A local agency may, by ordinance, provide for the creation of accessory dwelling units in areas zoned to allow single-family or multifamily dwelling residential use. The ordinance shall do all of the following:
(a) Designate areas within the jurisdiction of the local agency where accessory dwelling units may be permitted. The designation of areas may be based on the adequacy of water and sewer services and the impact of accessory dwelling units on traffic flow and public safety. A local agency that does not provide water or sewer services shall consult with the local water or sewer service provider regarding the adequacy of water and sewer services before designating an area where accessory dwelling units may be permitted.
(b) (1) Impose objective standards on accessory dwelling units that include, but are not limited to, parking, height, setback, landscape, architectural review, maximum size of a unit, and standards that prevent adverse impacts on any real property that is listed in the California Register of Historical Resources. These standards shall not include requirements on minimum lot size.
(2) Notwithstanding paragraph (1), a local agency may reduce or eliminate parking requirements for any accessory dwelling unit located within its jurisdiction.

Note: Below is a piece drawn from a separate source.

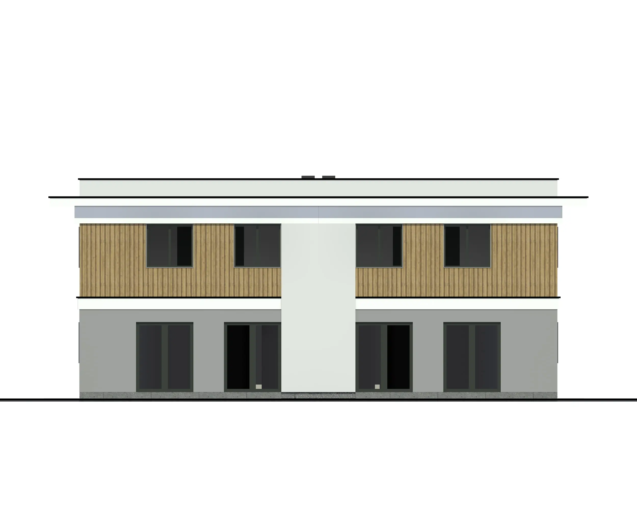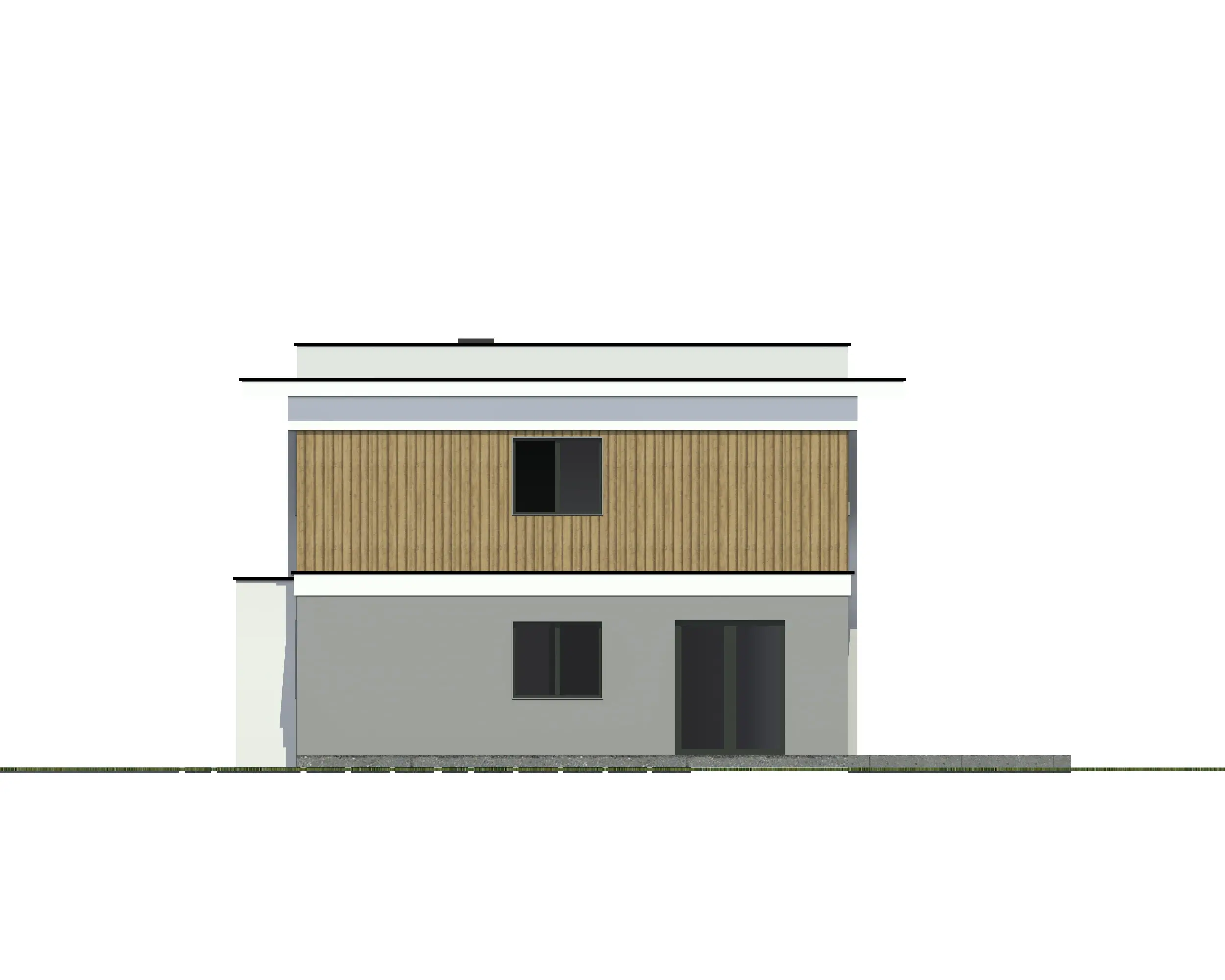 W rzucie budynek ma kształt prostokąta z doklejonym od tyłu tarasem, kryty będzie dachem płaskim. Na parterze warto zwrócić uwagę na duży i bardzo dobrze oświetlony z aż dwóch stron salon (z którego przez okna tarasowe będzie się też roztaczał piękny widok na ogród), oprócz tego zaraz przy wejściu mamy też dodatkowy pokój (który może pełnić rolę np. gabinetu lub pokoju gościnnego).

(c) Provide that accessory dwelling units do not exceed the allowable density for the lot upon which the accessory dwelling unit is located, and that accessory dwelling units are a residential use that is consistent with the existing general plan and zoning
designation for the lot.
(d) Require the accessory dwelling units to comply with all of the following:
(1) Except as provided in Article 4 (commencing with Section 66340), the accessory dwelling unit may be rented separate from the primary residence, but shall not be sold or otherwise conveyed separate from the primary residence.
(2) The lot is zoned to allow single-family or multifamily dwelling residential use and includes a proposed or existing dwelling.
(3) The accessory dwelling unit is either attached to, or located within, the proposed or existing primary dwelling, including attached garages, storage areas or similar uses, or an accessory structure or detached from the proposed or existing primary dwelling and located on the same lot as the
proposed or existing primary dwelling, including detached garages.
(4) If there is an existing primary dwelling, the total floor area of an attached accessory dwelling unit shall not exceed 50 percent of the existing primary dwelling.
(5) The total floor area for a detached accessory dwelling unit shall not exceed 1,200 square feet.
(6) No passageway shall be required in conjunction with the construction of an accessory dwelling unit.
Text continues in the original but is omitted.